(Data shown begins)

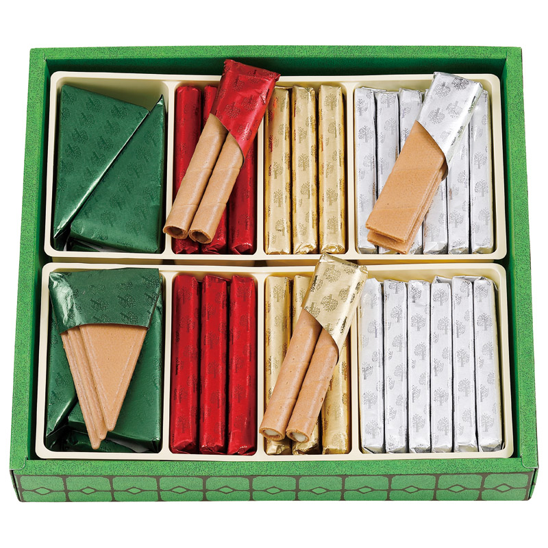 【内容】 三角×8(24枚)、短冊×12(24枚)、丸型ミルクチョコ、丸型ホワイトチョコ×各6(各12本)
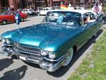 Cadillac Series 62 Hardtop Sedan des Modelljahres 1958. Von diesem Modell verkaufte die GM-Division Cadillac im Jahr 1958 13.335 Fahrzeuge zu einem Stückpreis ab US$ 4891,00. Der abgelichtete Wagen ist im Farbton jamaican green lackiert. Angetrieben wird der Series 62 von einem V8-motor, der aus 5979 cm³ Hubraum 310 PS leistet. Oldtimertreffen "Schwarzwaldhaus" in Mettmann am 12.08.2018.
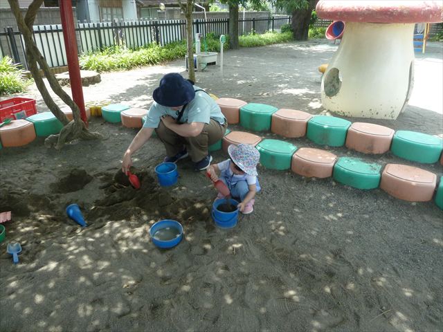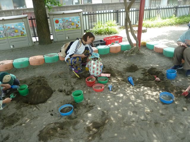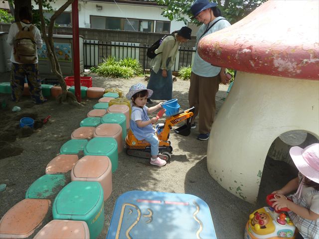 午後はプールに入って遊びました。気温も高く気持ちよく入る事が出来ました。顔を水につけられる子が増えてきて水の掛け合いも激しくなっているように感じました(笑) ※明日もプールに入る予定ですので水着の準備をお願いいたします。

(Data shown ends)

**What the task asks**
Print only the lines from the one with "Cadillac Series 62" through the last line of the data above, exactly and with both ends, and please omit any pictures.

**Exercise answer**
 Cadillac Series 62 Hardtop Sedan des Modelljahres 1958. Von diesem Modell verkaufte die GM-Division Cadillac im Jahr 1958 13.335 Fahrzeuge zu einem Stückpreis ab US$ 4891,00. Der abgelichtete Wagen ist im Farbton jamaican green lackiert. Angetrieben wird der Series 62 von einem V8-motor, der aus 5979 cm³ Hubraum 310 PS leistet. Oldtimertreffen "Schwarzwaldhaus" in Mettmann am 12.08.2018.
 午後はプールに入って遊びました。気温も高く気持ちよく入る事が出来ました。顔を水につけられる子が増えてきて水の掛け合いも激しくなっているように感じました(笑) ※明日もプールに入る予定ですので水着の準備をお願いいたします。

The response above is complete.